The range to repeat runs from the line with "The Iron is" to the last line below, both ends included; give it exactly and without pictures.

:: Provided material ::
-=-=-=-=-

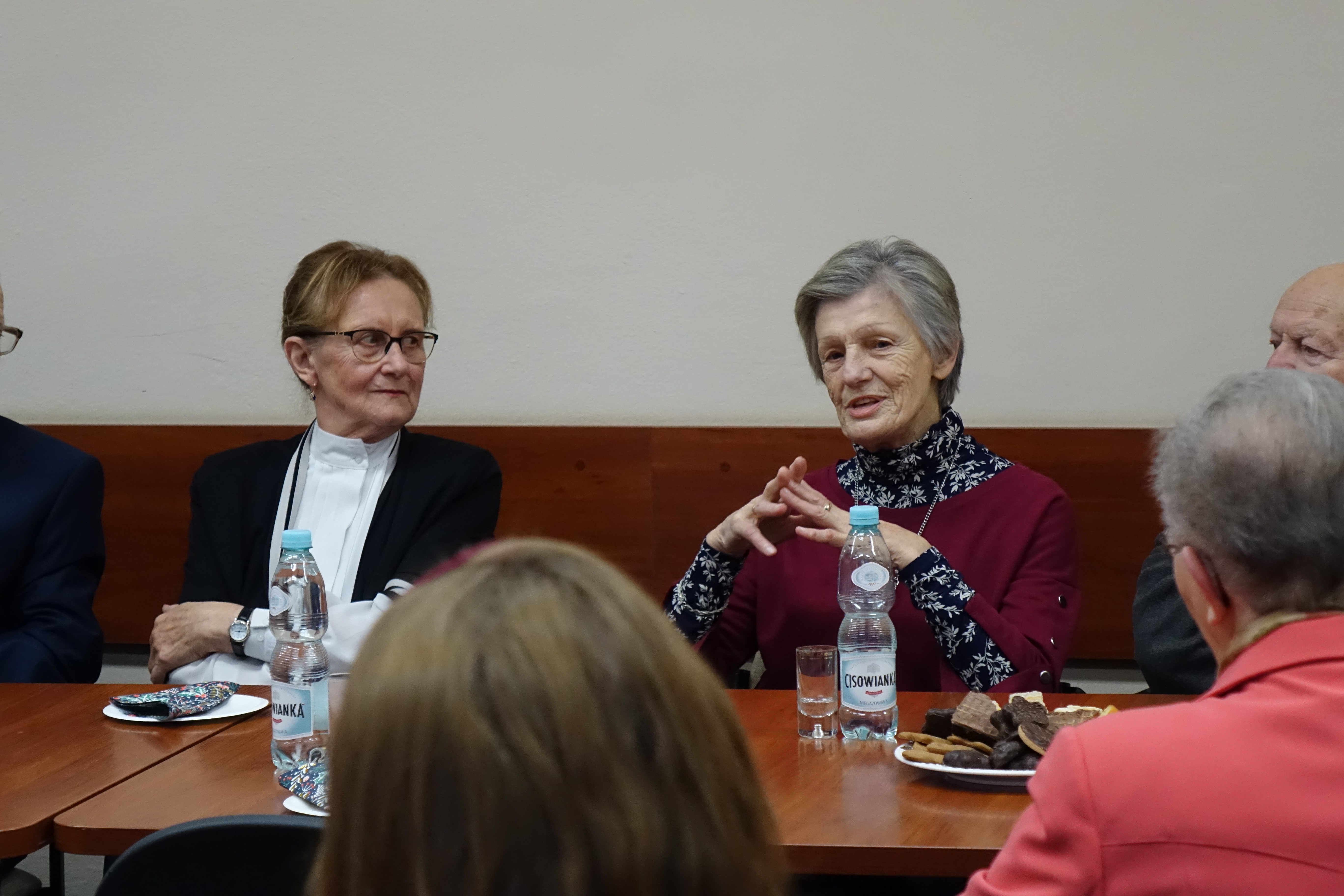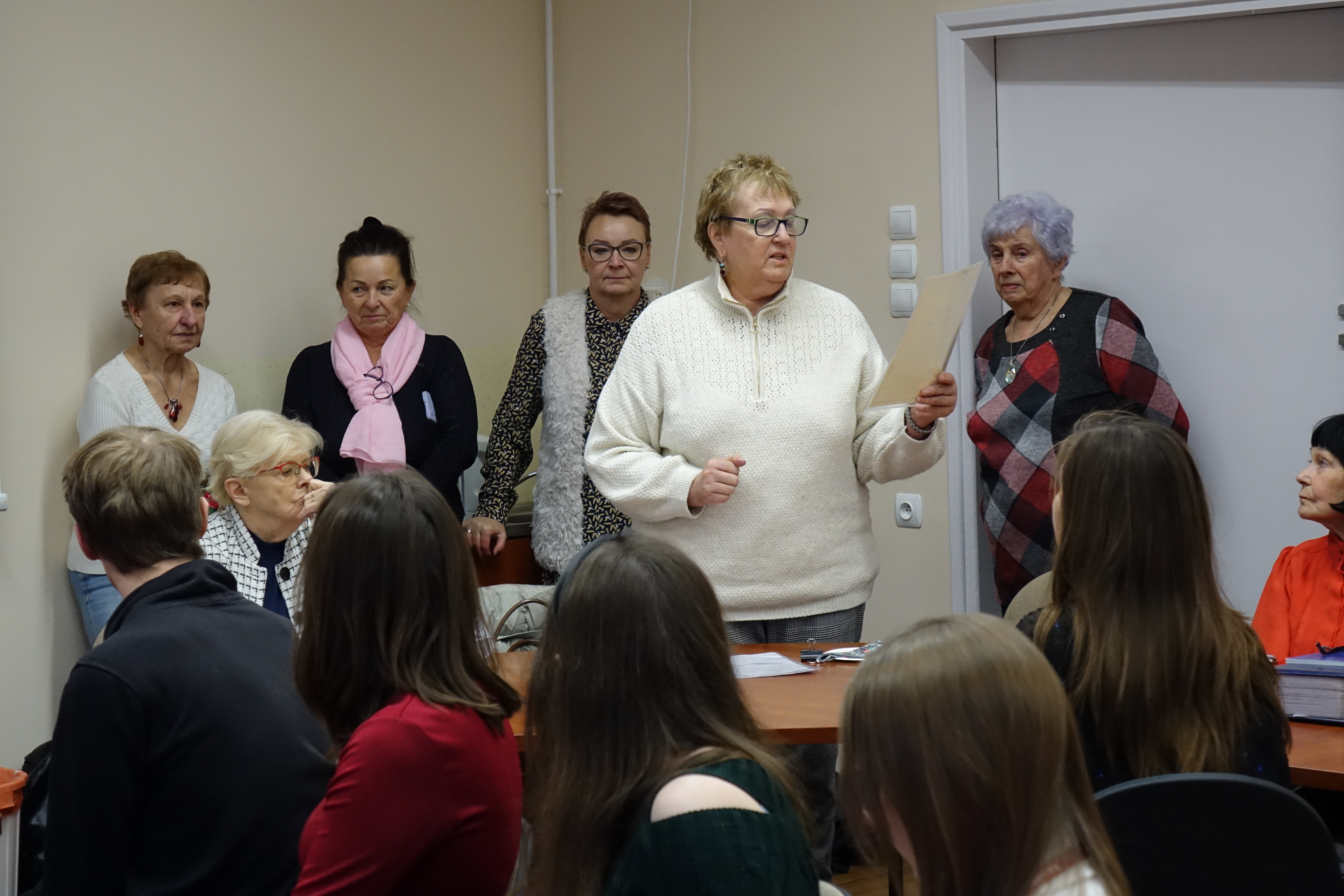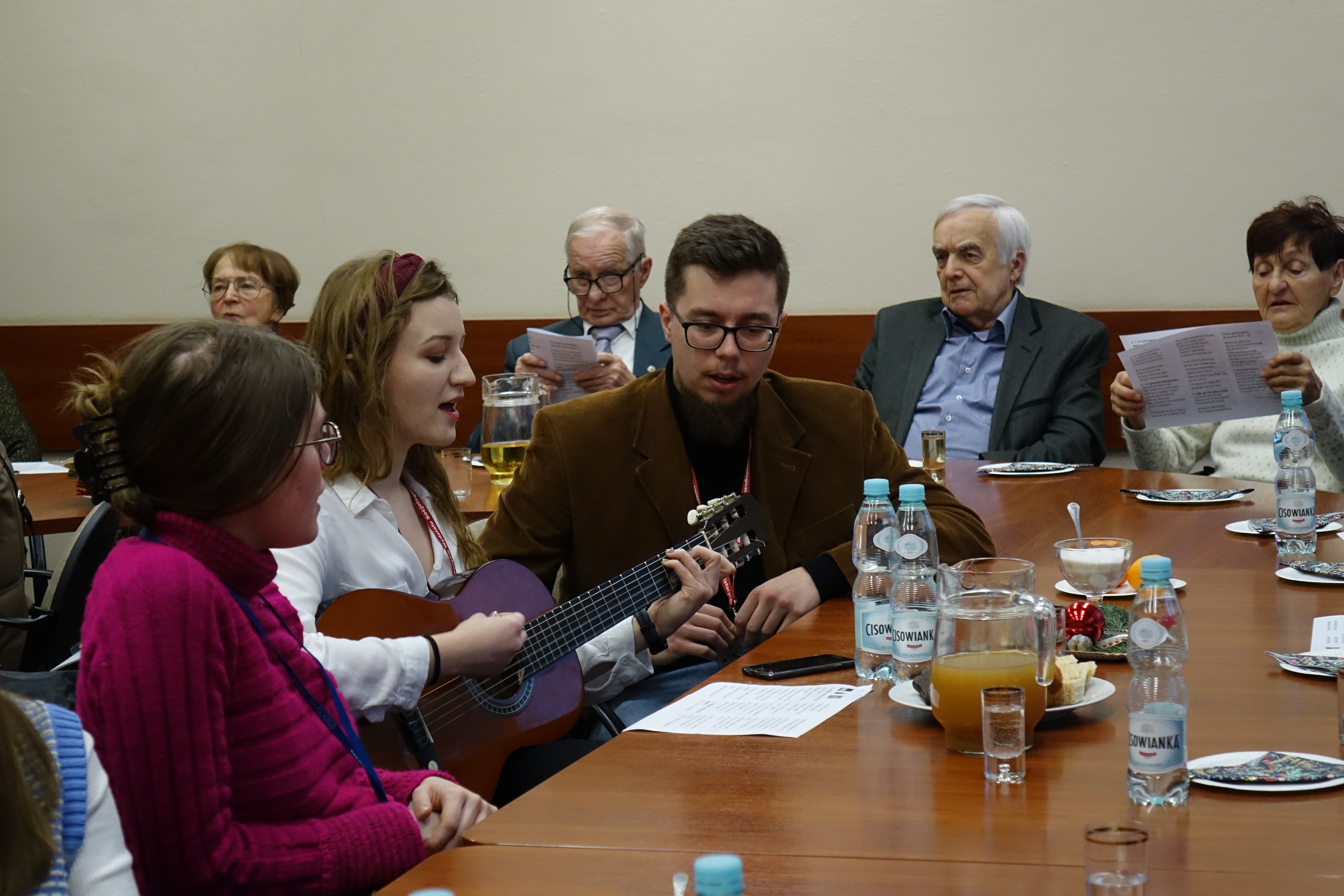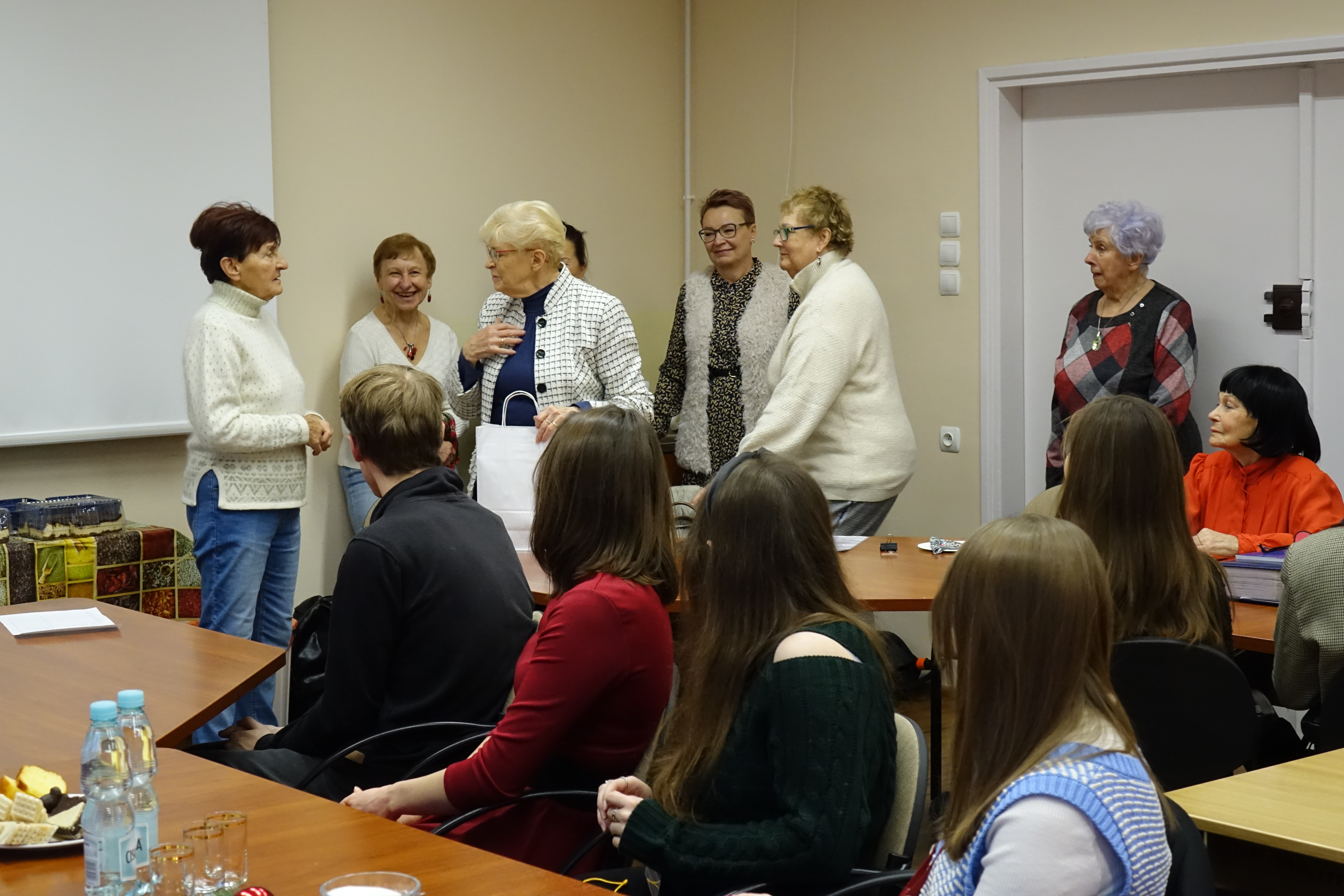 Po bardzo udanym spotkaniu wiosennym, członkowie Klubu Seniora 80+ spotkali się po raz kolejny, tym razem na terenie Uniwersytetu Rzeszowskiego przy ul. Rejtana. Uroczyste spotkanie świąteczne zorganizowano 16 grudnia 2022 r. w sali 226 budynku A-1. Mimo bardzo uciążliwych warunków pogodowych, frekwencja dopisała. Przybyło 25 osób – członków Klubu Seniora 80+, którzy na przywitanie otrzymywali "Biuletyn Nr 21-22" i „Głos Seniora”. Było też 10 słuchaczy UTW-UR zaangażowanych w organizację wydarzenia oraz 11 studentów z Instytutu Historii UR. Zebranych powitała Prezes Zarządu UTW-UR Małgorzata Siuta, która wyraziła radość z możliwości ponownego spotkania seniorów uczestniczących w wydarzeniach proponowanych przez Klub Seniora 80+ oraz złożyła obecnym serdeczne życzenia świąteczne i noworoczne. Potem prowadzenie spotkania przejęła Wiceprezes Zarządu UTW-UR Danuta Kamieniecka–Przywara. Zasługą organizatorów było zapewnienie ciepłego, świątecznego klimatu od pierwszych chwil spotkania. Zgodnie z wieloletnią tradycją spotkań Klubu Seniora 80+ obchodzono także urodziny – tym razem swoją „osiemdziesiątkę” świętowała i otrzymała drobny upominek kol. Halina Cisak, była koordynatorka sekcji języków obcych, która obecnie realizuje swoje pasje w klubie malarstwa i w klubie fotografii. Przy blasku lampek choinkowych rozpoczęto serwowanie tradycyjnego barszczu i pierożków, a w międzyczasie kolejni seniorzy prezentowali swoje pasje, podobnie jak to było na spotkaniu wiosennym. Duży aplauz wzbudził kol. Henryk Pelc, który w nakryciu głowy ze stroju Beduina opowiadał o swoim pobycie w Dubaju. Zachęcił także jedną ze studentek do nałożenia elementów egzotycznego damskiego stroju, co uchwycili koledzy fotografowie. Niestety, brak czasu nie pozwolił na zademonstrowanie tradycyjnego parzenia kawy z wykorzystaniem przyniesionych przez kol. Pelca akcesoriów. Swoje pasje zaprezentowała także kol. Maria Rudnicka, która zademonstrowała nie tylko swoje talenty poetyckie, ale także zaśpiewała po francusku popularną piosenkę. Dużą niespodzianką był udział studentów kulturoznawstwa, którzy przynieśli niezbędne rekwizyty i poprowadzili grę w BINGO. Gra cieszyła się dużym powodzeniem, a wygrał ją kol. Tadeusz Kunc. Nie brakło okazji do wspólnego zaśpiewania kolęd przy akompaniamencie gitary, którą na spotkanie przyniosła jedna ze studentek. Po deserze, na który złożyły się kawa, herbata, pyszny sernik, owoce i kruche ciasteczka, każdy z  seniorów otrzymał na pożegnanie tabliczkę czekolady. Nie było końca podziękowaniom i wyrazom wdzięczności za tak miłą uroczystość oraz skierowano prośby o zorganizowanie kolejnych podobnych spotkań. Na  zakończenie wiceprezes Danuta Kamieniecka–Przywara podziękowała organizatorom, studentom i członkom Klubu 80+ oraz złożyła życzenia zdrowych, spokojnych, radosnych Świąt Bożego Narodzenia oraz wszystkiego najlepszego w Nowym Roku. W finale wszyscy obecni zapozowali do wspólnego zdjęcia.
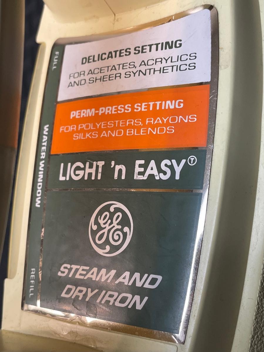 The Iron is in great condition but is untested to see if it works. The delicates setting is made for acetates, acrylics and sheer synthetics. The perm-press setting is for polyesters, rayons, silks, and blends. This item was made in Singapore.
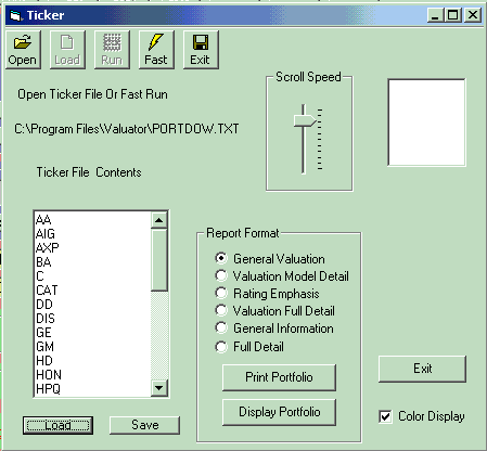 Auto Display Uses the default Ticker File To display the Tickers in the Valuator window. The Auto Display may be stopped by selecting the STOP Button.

-=-=-=-=-

:: Response to this task ::
 The Iron is in great condition but is untested to see if it works. The delicates setting is made for acetates, acrylics and sheer synthetics. The perm-press setting is for polyesters, rayons, silks, and blends. This item was made in Singapore.
 Auto Display Uses the default Ticker File To display the Tickers in the Valuator window. The Auto Display may be stopped by selecting the STOP Button.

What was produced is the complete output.